EXERCISE PROMPT:
After the line containing "4. Slide alternator", copy nothing more; up to and including it, copy every line of the listing exactly from the first, leaving out the pictures.

AVAILABLE DATA:
+++++

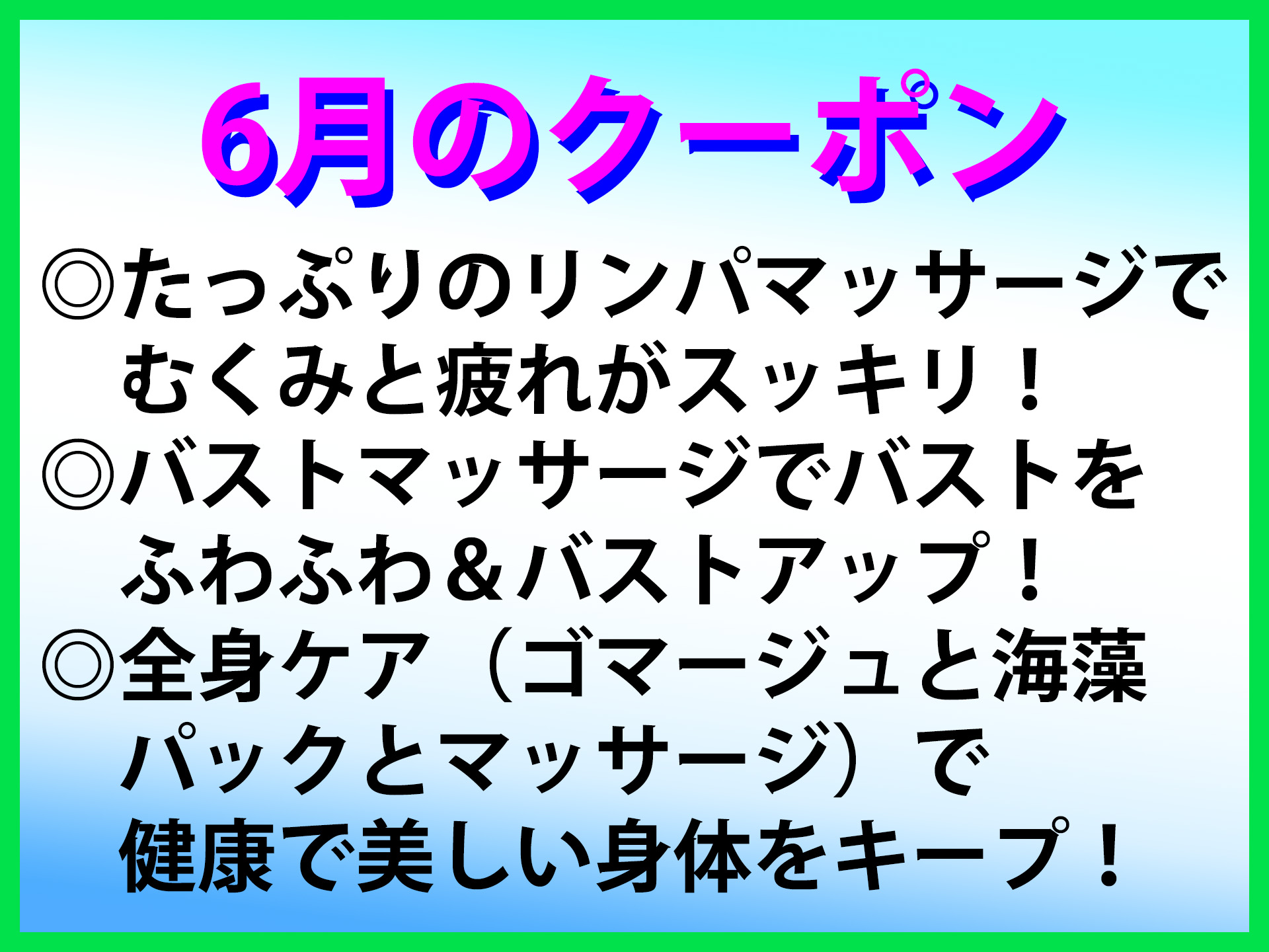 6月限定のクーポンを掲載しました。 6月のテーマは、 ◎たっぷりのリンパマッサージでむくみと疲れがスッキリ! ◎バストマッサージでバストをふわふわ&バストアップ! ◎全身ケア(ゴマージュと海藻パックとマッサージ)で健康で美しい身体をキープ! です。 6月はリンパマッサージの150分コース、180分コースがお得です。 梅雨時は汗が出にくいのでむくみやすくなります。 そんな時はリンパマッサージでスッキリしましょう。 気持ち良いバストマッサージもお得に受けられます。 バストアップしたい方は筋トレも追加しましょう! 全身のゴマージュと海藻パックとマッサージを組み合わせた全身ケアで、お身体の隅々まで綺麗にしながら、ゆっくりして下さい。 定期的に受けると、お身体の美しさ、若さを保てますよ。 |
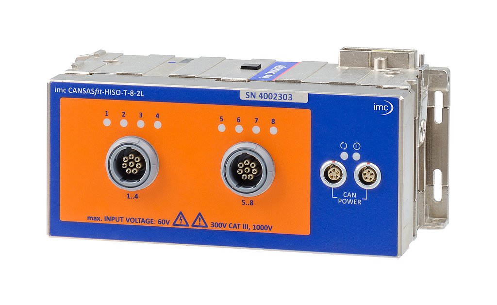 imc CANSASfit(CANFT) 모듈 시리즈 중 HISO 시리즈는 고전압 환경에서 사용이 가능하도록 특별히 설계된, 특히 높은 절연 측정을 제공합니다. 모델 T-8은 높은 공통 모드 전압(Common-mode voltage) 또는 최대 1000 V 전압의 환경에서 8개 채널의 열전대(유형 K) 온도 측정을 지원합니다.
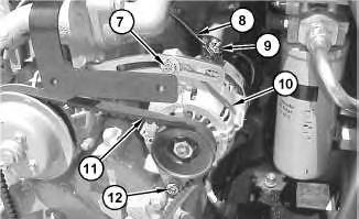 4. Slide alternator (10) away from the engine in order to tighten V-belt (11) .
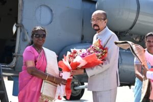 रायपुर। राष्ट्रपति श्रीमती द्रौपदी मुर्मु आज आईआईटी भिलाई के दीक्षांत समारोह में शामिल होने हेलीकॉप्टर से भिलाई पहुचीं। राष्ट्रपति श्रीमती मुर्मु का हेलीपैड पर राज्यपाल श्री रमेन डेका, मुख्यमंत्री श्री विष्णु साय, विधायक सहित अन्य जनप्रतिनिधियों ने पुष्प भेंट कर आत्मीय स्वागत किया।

+++++

TASK OUTPUT:
 6月限定のクーポンを掲載しました。 6月のテーマは、 ◎たっぷりのリンパマッサージでむくみと疲れがスッキリ! ◎バストマッサージでバストをふわふわ&バストアップ! ◎全身ケア(ゴマージュと海藻パックとマッサージ)で健康で美しい身体をキープ! です。 6月はリンパマッサージの150分コース、180分コースがお得です。 梅雨時は汗が出にくいのでむくみやすくなります。 そんな時はリンパマッサージでスッキリしましょう。 気持ち良いバストマッサージもお得に受けられます。 バストアップしたい方は筋トレも追加しましょう! 全身のゴマージュと海藻パックとマッサージを組み合わせた全身ケアで、お身体の隅々まで綺麗にしながら、ゆっくりして下さい。 定期的に受けると、お身体の美しさ、若さを保てますよ。 |
 imc CANSASfit(CANFT) 모듈 시리즈 중 HISO 시리즈는 고전압 환경에서 사용이 가능하도록 특별히 설계된, 특히 높은 절연 측정을 제공합니다. 모델 T-8은 높은 공통 모드 전압(Common-mode voltage) 또는 최대 1000 V 전압의 환경에서 8개 채널의 열전대(유형 K) 온도 측정을 지원합니다.
 4. Slide alternator (10) away from the engine in order to tighten V-belt (11) .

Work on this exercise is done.